Ordering Information
| Product Name | Catalog # | UNIT | Price | Qty | FAVORITES | |
LMX1B CRISPR Activation Plasmid (h) | sc-402945-ACT | 20 µg | $397.00 | |||
LMX1B CRISPR Activation Plasmid (h2) | sc-402945-ACT-2 | 20 µg | $397.00 |
LMX1B encodes a LIM homeobox transcription factor that regulates lineage specification and organ morphogenesis, with prominent roles in dorsal limb patterning, renal glomerular development, and neuronal differentiation. In the nucleus, LMX1B binds DNA via its homeodomain and coordinates transcriptional programs through LIM domain–mediated protein interactions, shaping cell identity and developmental gene networks. Dysregulated LMX1B activity is linked to congenital syndromes involving nail, skeletal, and kidney abnormalities, and altered expression has been investigated in contexts of podocyte dysfunction and neurodevelopmental phenotypes. As a developmental regulator, LMX1B is widely used to study transcriptional control, enhancer logic, and cell fate transitions in relevant human cell models.
LMX1B CRISPR Activation Plasmid (h) provides a targeted, non-destructive approach to upregulating endogenous LMX1B expression without altering the underlying DNA sequence.

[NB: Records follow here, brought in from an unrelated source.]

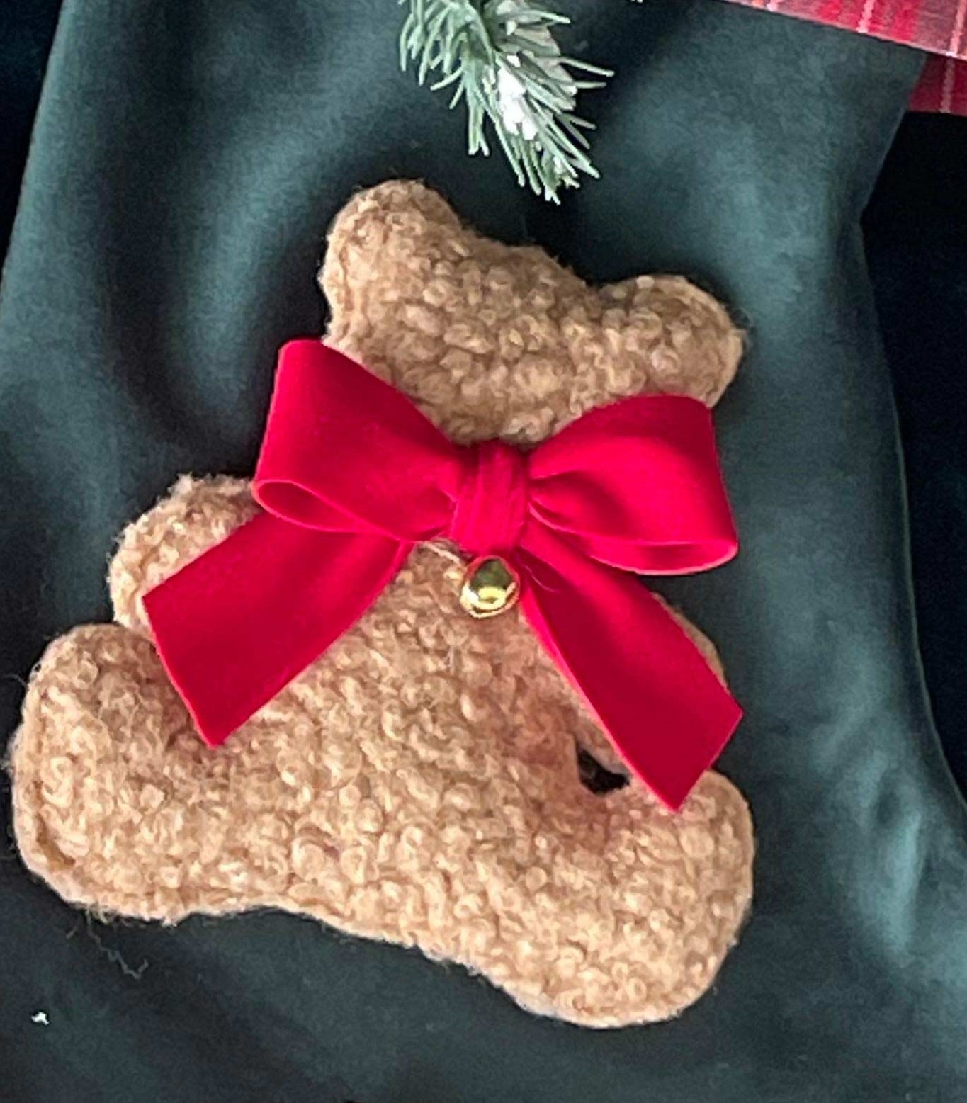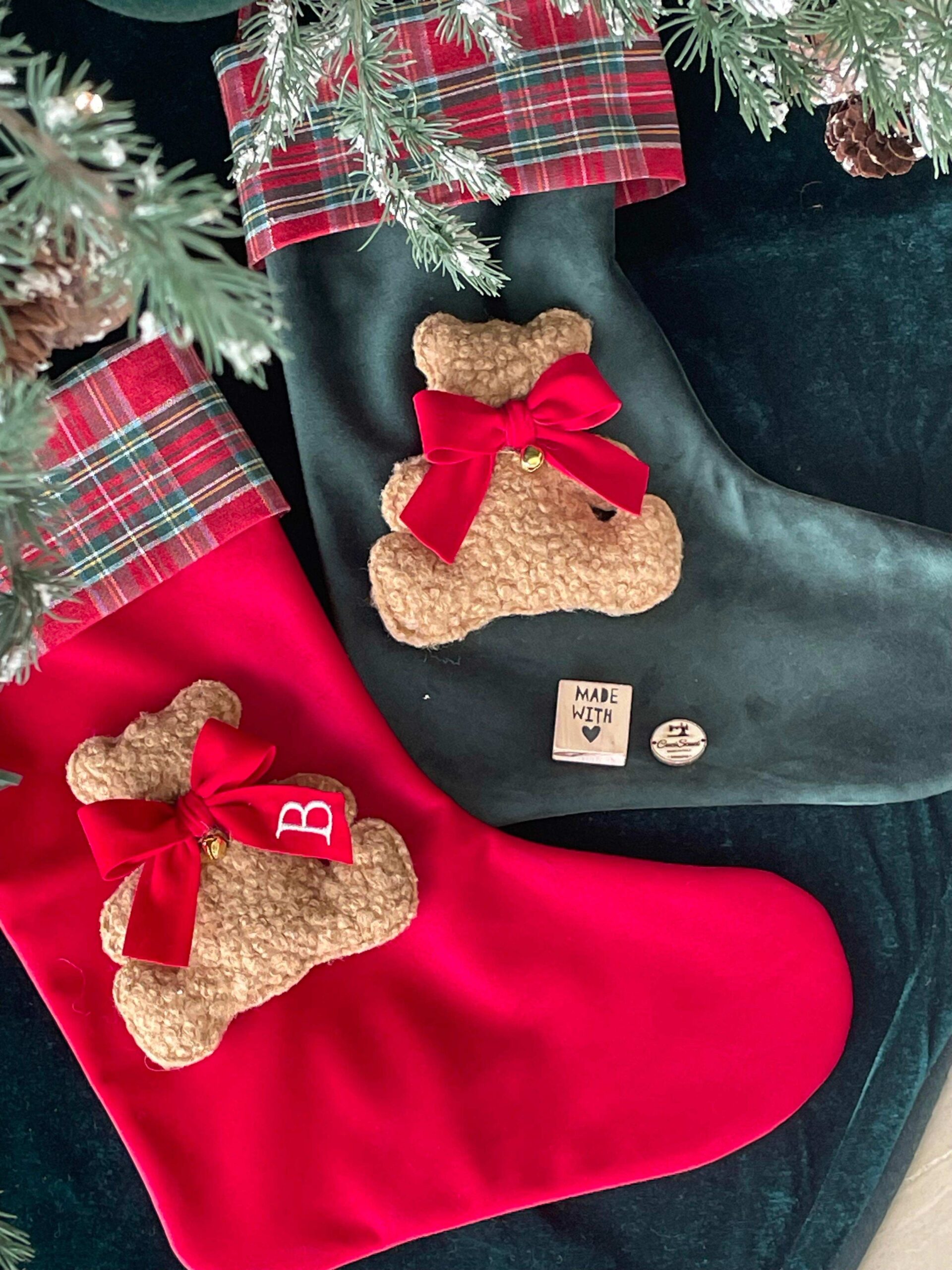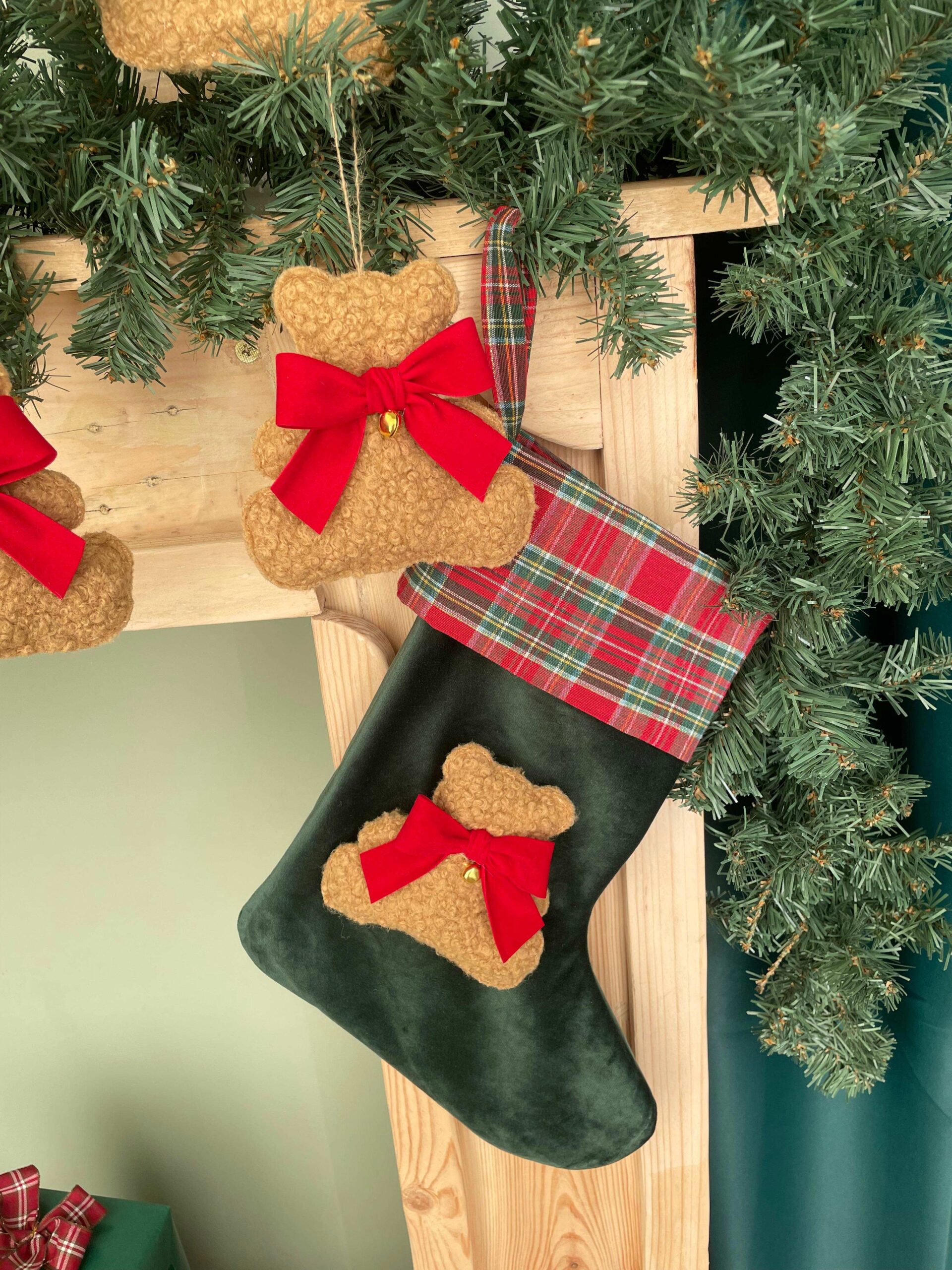 ✨ Calza Natalizia in Velluto con Orsetto Bouclè e Iniziale Ricamata ✨
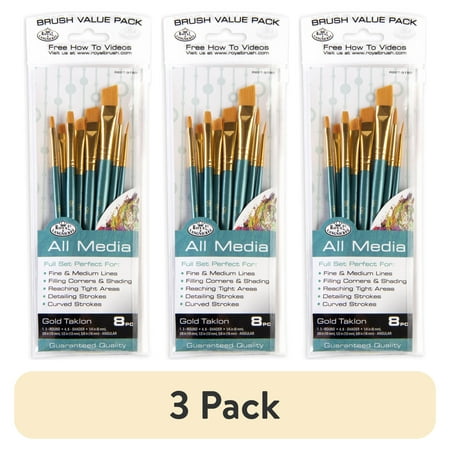 (3 pack) Royal & Langnickel - 8pc Gold Taklon Detail Variety Artist Paint Brushes | RSET-9186 |
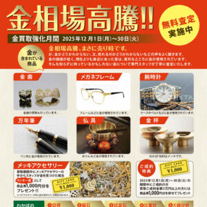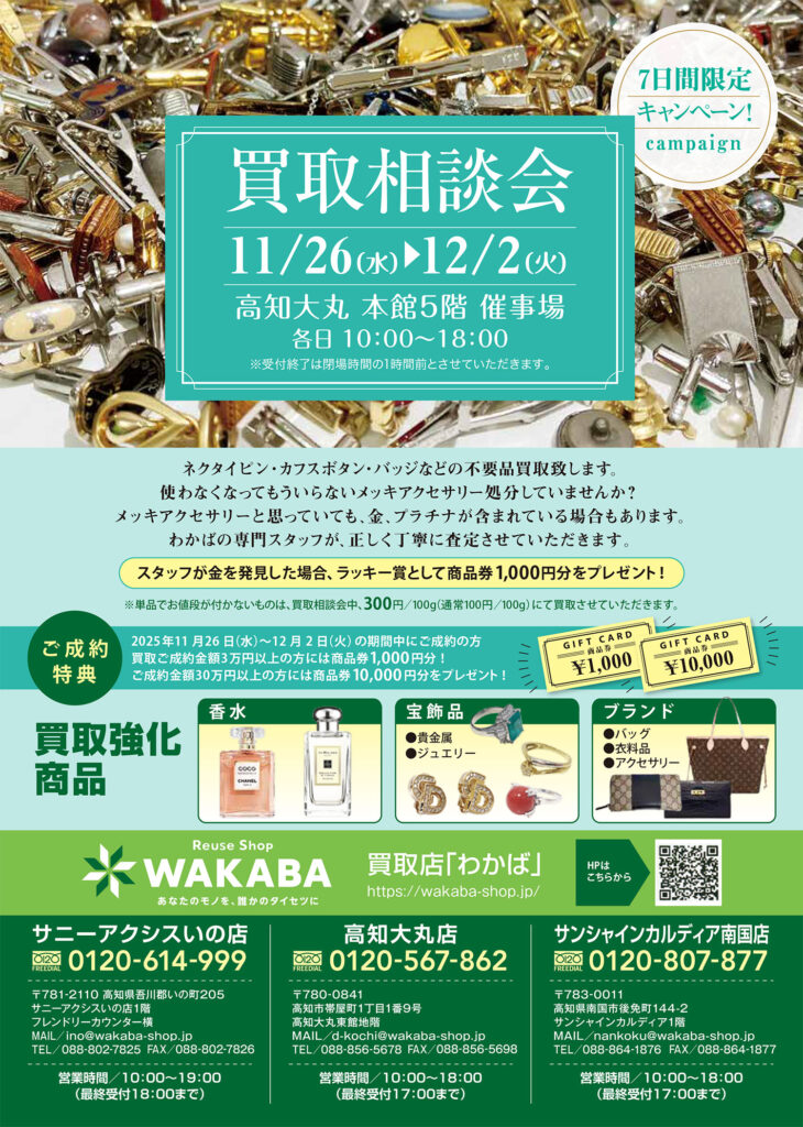 買取相談会のご案内 2025年11月12日 最終更新日時 : 2025年11月12日 deepecology 2025年11/26(水)~12/2(火)の期間、高知大丸本館5階催事場にて買取相談会を開催いたします。 詳しくはこちら
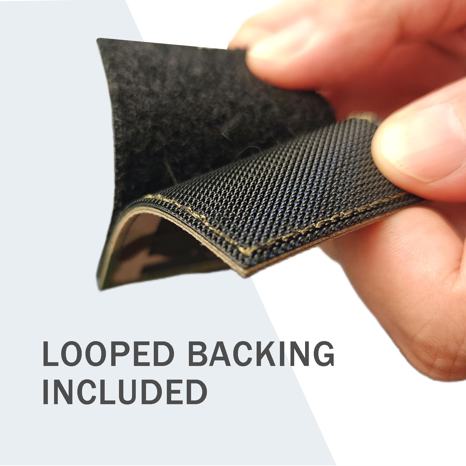 Hook and loop backing for sewn-on application or easy attachment to tactical, backpacks, hats, jackets, pants, dog vests, gear, etc. Comfortable, durable and easy to remove and wash
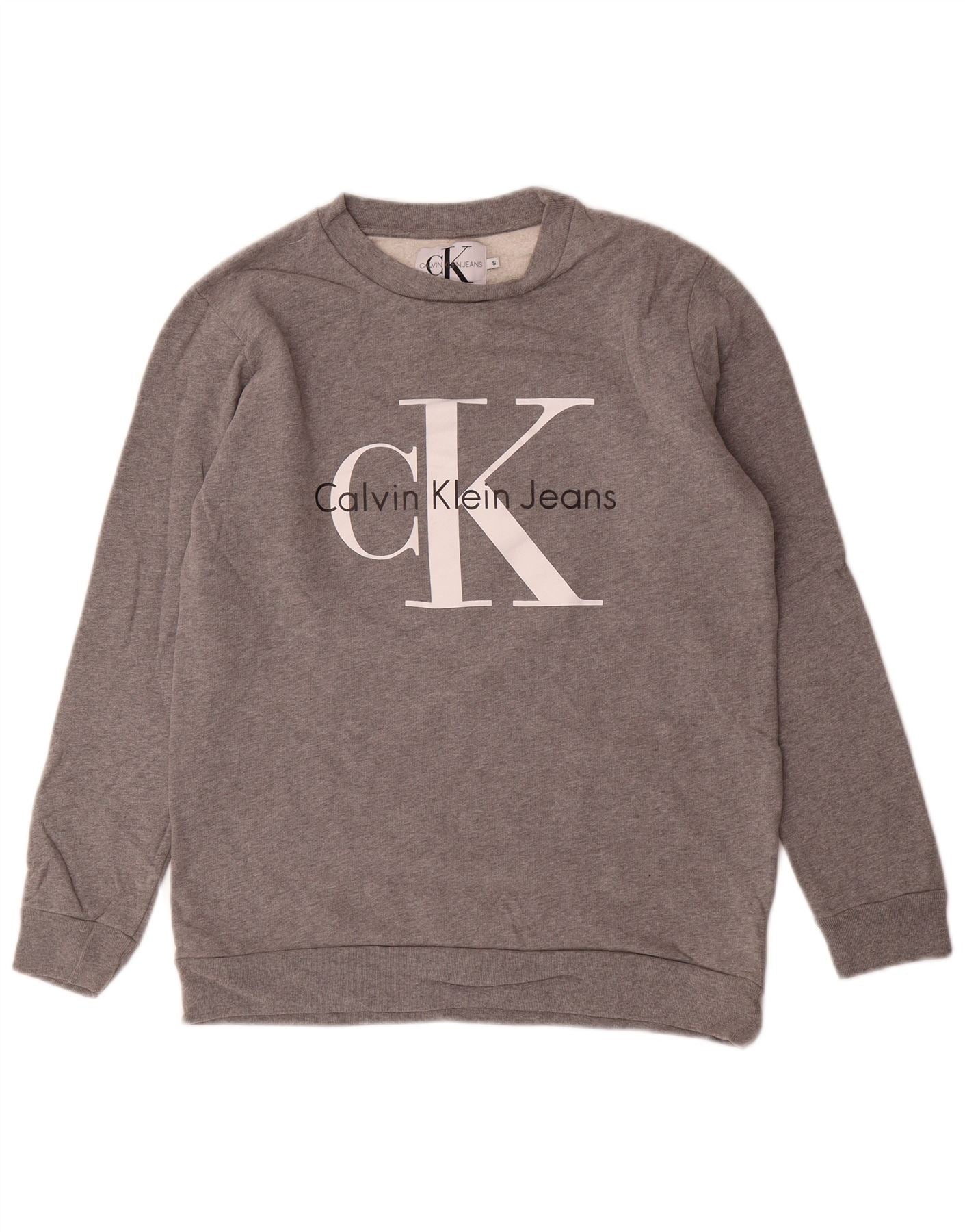 CALVIN KLEIN JEANS Mens Graphic Sweatshirt Jumper Small Grey Cotton

LMX1B CRISPR Activation Plasmid (h) is a three-plasmid synergistic activation mediator (SAM) system engineered for highly efficient, site-specific transcriptional upregulation of the LMX1B locus in human cell lines. The system is built around a catalytically inactive Cas9 (dCas9) carrying two inactivating mutations (D10A and N863A) that eliminate nuclease activity while preserving DNA binding. This dCas9 is fused to VP64, a potent transcriptional activator, and is co-expressed with a blasticidin resistance gene for selection. The second plasmid encodes the MS2-p65-HSF1 fusion protein, a secondary activator complex that works in concert with dCas9-VP64, alongside a hygromycin resistance gene. The third plasmid encodes a target-specific 20 nt sgRNA fused to two MS2 RNA aptamers that recruit the MS2-p65-HSF1 complex to the activation site, accompanied by a puromycin resistance gene. The three plasmids are delivered at a 1:1:1 mass ratio for balanced expression of all system components.
Once assembled at the target locus, the SAM complex binds within approximately 200 bp upstream of the LMX1B transcriptional start site, where VP64, p65, and HSF1 act in concert to recruit transcriptional machinery and drive upregulation of endogenous LMX1B expression. Unlike nuclease-active Cas9, dCas9 does not introduce double-strand breaks or modify the genomic sequence, preserving the native LMX1B locus and enabling the study of LMX1B-dependent transcriptional responses at the endogenous locus, making it a valuable tool for functional studies, target gene identification, and the modeling of LMX1B pathway restoration in tumor cells with silenced or reduced LMX1B expression.
For Research Use Only. Not Intended for Diagnostic or Therapeutic Use.